- Born: September 28, 1898 Winnipeg, Manitoba, Canada
- Died: May 23, 1963 (aged 64) Minneapolis, Minnesota, US
- Resting place: Lakewood Cemetery
- Occupation(s): Businessman, entertainment promoter
- Known for: Minneapolis Millers, Minneapolis Arena
- Awards: U.S. Hockey Hall of Fame
- Allegiance: Canada
- Branch: Royal Canadian Artillery
- Battles / wars: World War I

= Lyle Wright =

Canadian-American ice hockey executive and businessman (1898–1963)

Lyle Zealand Wright (September 28, 1898 – May 23, 1963) was a Canadian-American ice hockey executive and businessman. He managed the Minneapolis Millers for more than 20 seasons, was president of the Minneapolis Arena, and promoted entertainment events in Minneapolis including the Ice Follies. He was instrumental in growing the game of ice hockey in its early days in Minnesota and was inducted in the United States Hockey Hall of Fame.

==Early life==
Lyle Zealand Wright was born on September 28, 1898, in Winnipeg, Manitoba, Canada.
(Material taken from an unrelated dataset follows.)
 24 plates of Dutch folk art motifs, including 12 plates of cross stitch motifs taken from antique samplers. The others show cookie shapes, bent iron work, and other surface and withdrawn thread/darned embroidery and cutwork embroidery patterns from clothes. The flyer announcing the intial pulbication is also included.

He served in the Royal Canadian Artillery in World War I, then moved to Minneapolis in 1919. He moved to Minnesota because his father had been appointed Canadian consul in Minneapolis. He married Georgia E. Dolan in 1923. They settled at 3121 East Calhoun Boulevard, on the east side of Lake Calhoun in the Uptown area of Minneapolis, and had two sons and two daughters.

==Hockey business==
Wright's hockey career began by managing the Minneapolis Millers in the American Hockey Association (AHA) from 1928 to 1931. He spent one year as the business manager for the Chicago Blackhawks in the 1931–32 NHL season. He returned to managing the Millers in 1933, and worked his way up to be president of the Minneapolis Arena. Notable players signed by Wright during his time with the Millers include, Taffy Abel, Stewart Adams, Ching Johnson, and Tiny Thompson.
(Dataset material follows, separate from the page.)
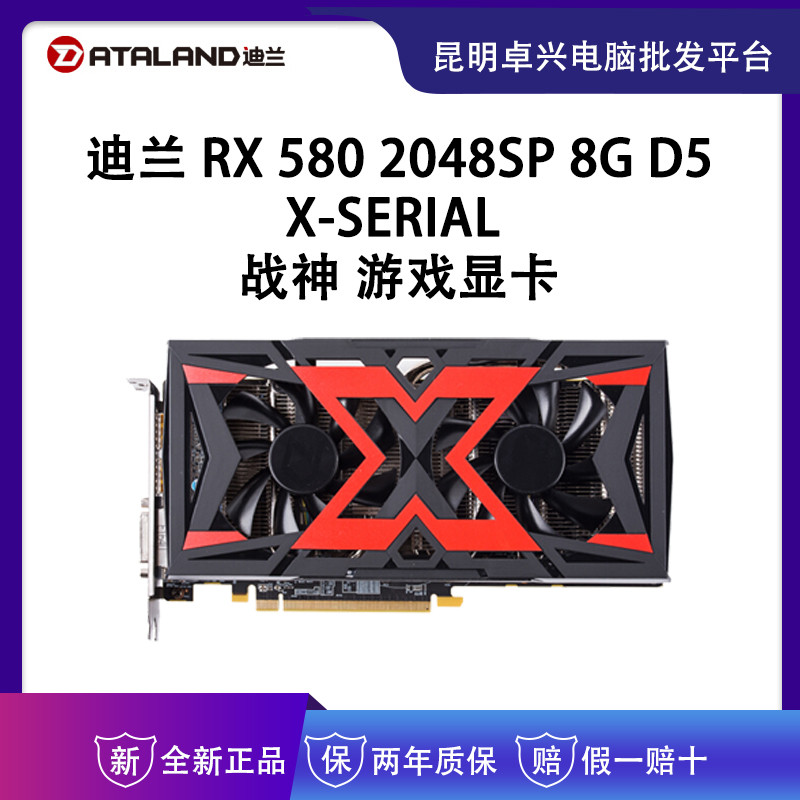 迪兰(Dataland)RX 580 2048SP 8G X-Serial 战神 1284-1320/8000MHz 8GB/256-bit GDDR5 DX12 游戏显卡 云南电脑批发

Wright later became acting president of the AHA, and on September 23, 1942, he announced that the league was suspending operations, due to World War II. The Millers went on hiatus until the AHA resumed play as the United States Hockey League (USHL) in the 1945–46 season. After four more seasons in Minneapolis, Wright made the decision to relocate the team to Denver, Colorado, becoming the state's first professional ice hockey team. He continued his role as manager of the Denver Falcons for one season, until the team folded along with the USHL in 1951.
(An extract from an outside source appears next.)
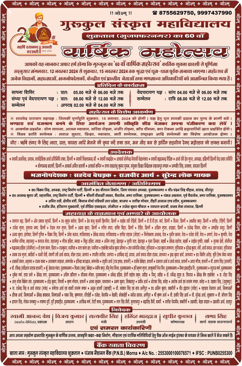 आपको यह जानकर अपार हर्ष होगा कि गुरूकुल का ’60 वाँ वार्षिक महोत्सव’ कार्तिक शुक्ला द्वादशी से पूर्णिमा तद्नुसार मंगलवार, 12 नवम्बर 2024 से शुक्रवार, 15 नवम्बर 2024 तक श्रृद्धा एवं धूम-धाम पूर्वक मनाया जाएगा। महोत्सव में अनेक विद्वानों, महात्माओं, भजनोपदेशकों, केन्द्रीय एवं प्रान्तीय नेताओं तथा गणमान्य अधिकारियों को आमन्त्रित किया गया है।

Wright's other interests in hockey included helping to establish an annual Amateur Athletic Union hockey tournament in Minneapolis in 1930, and establishing the International Amateur Hockey League in 1936. He also cooperated with the University of Minnesota to foster the Minnesota Golden Gophers men's ice hockey program in its early days, and promoted high school hockey in the state of Minnesota.

==Other businesses==
Wright was a self-made millionaire from promoting events, including ice shows. Wright made the Minneapolis Arena the home rink for the Ice Follies, and also booked various figure skating acts to perform. He estimated that events at the arena drew 80,000 visitors annually, which was also used in the summer for roller skating and dance nights. In 1943, he took over the operation of the Aqua Follies with business partner Al Sheehan, and made it into a profitable business within the annual summer Minneapolis Aquatennial.

==Death and legacy==
Wright was reported to be very ill in April 1963. He died on May 23, 1963, in Minneapolis, and was interred at Lakewood Cemetery. He was a posthumous recipient of the AHAUS Citation Award in 1963. The United States Hockey Hall of Fame enshrined him in its inaugural class of 1973, for his determination to grow hockey in Minneapolis.